And that was despite the mosquitoes (which were horrendous in one valley, merely annoying elsewhere), getting caught in a hailstorm with thunder and lightning, and getting rained out on our last couple of days which had us cut our trip short by a day. The hiking was excellent, the trails were easy going (for the most part), and the flowers were endless. So many flowers!! The meadows were just filled with every type of flower imaginable, including a few new ones for us that we’ve yet to identify. I can’t wait to go back!

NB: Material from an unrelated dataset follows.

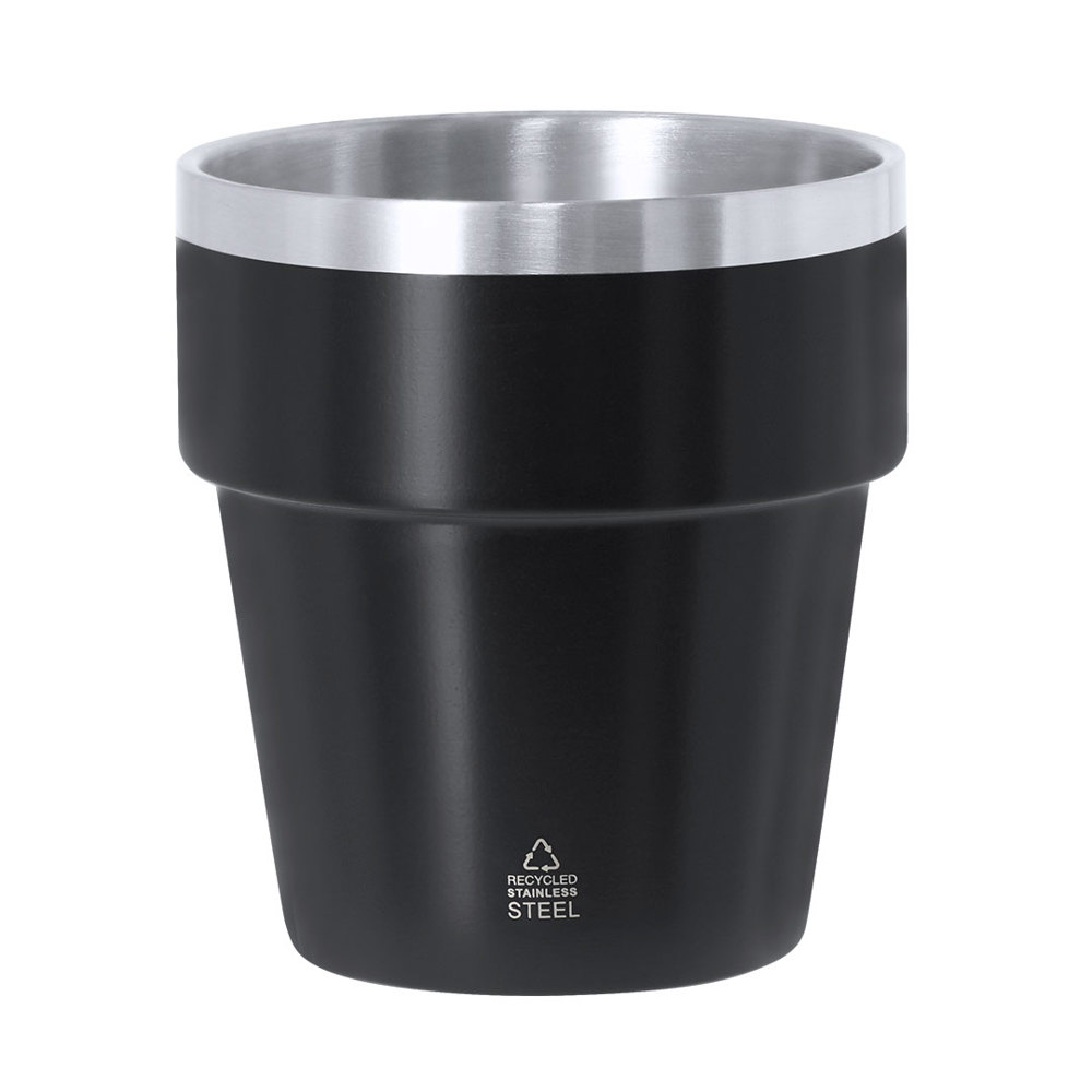 Thermosbeker gemaakt van gerecycled roestvrij staal met dubbele wand en een capaciteit van 250 ml. Afgewerkt in satijnglans en met rand en binnenkant in satijn roestvrij staal. Met logo van Gerecycled RVS.RVS is een van de meest gevraagde materialen en kan bijna overal worden aangetroffen, van dagelijkse gebruiksproducten tot grote constructies. Met talloze eigenschappen, waaronder duurzaamheid en een hoge mate van herbruikbaarheid, waarmee het een zeer gewaardeerde alternatief is in duurzaamheidsoplossingen. Correct behandeld, stelt het in staat om nieuwe bronnen van oneindig gebruik te verkrijgen.

I was surprised by the complete lack of facilities at any of the suggested camping areas: I think I expected we would encounter campgrounds, or at least established camping spots. In reality we had to make it up ourselves, and use our backcountry knowledge and experience to decide on good places to camp. We ensured we ate about 100 m from our tent, and hung our food (our Ursacks were invaluable) a similar distance away.

One of the highlights was seeing a grizzly bear wandering through a meadow as we ate breakfast. At only 200 m away, it felt awfully close, especially as our bear spray was 100 m closer to the bear than we were! But we soon learned that the bears want nothing to do with people as the sound of a mountain biker’s voice startled the bear into running for tree cover.

The hike up to Harris Ridge (seen in the photo) was definitely the best day of exploration, following the high ridge to its end with views that covered all the valleys we’d hiked through to get to where we were at that moment. Plus we could see nothing but mountain range upon mountain range in every direction. So much to explore, so little time…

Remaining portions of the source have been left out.